▶ **Supplied data**
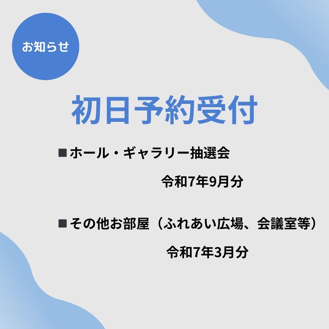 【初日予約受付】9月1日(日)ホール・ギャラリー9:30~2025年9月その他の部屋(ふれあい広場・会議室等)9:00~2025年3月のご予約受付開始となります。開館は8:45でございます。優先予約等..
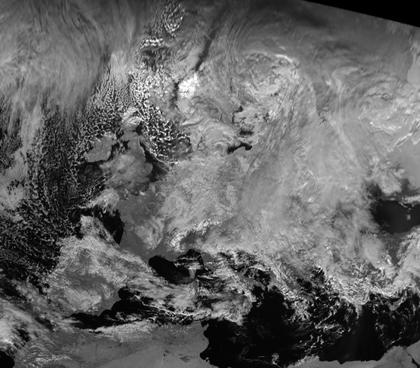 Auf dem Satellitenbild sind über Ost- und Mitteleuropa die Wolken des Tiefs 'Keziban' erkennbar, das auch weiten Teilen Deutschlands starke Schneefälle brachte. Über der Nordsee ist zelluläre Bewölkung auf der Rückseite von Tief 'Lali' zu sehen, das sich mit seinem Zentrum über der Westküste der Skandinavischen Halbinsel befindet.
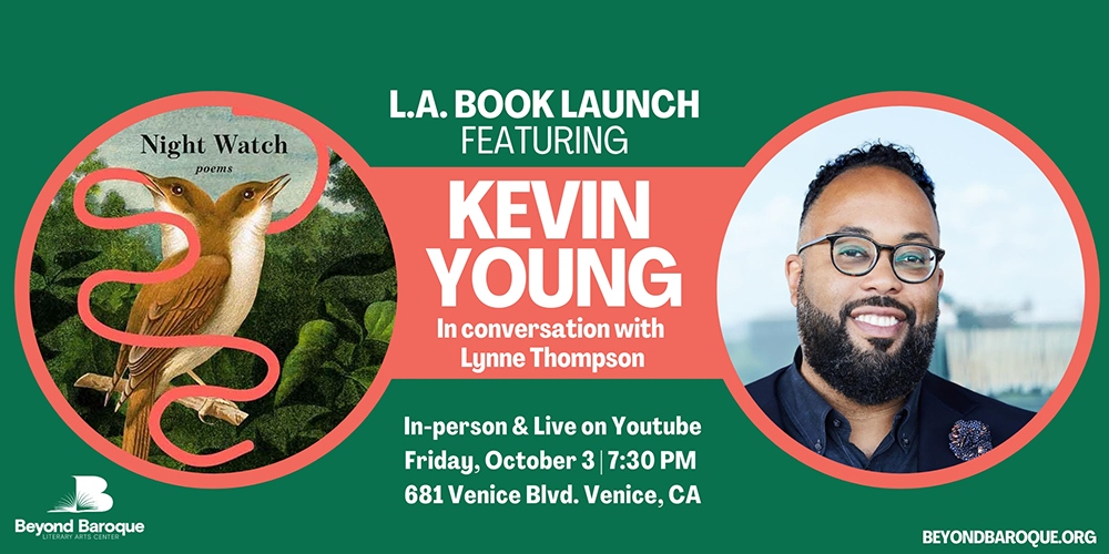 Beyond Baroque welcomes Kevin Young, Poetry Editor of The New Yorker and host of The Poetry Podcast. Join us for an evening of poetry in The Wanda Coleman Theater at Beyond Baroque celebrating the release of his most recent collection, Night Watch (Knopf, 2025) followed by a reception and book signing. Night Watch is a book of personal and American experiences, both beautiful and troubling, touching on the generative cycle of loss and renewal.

▶ **Exercise instructions**
Should there be pictures in the data, leave them out and return the rest exactly.

▶ **Reply to the task**
 【初日予約受付】9月1日(日)ホール・ギャラリー9:30~2025年9月その他の部屋(ふれあい広場・会議室等)9:00~2025年3月のご予約受付開始となります。開館は8:45でございます。優先予約等..
 Auf dem Satellitenbild sind über Ost- und Mitteleuropa die Wolken des Tiefs 'Keziban' erkennbar, das auch weiten Teilen Deutschlands starke Schneefälle brachte. Über der Nordsee ist zelluläre Bewölkung auf der Rückseite von Tief 'Lali' zu sehen, das sich mit seinem Zentrum über der Westküste der Skandinavischen Halbinsel befindet.
 Beyond Baroque welcomes Kevin Young, Poetry Editor of The New Yorker and host of The Poetry Podcast. Join us for an evening of poetry in The Wanda Coleman Theater at Beyond Baroque celebrating the release of his most recent collection, Night Watch (Knopf, 2025) followed by a reception and book signing. Night Watch is a book of personal and American experiences, both beautiful and troubling, touching on the generative cycle of loss and renewal.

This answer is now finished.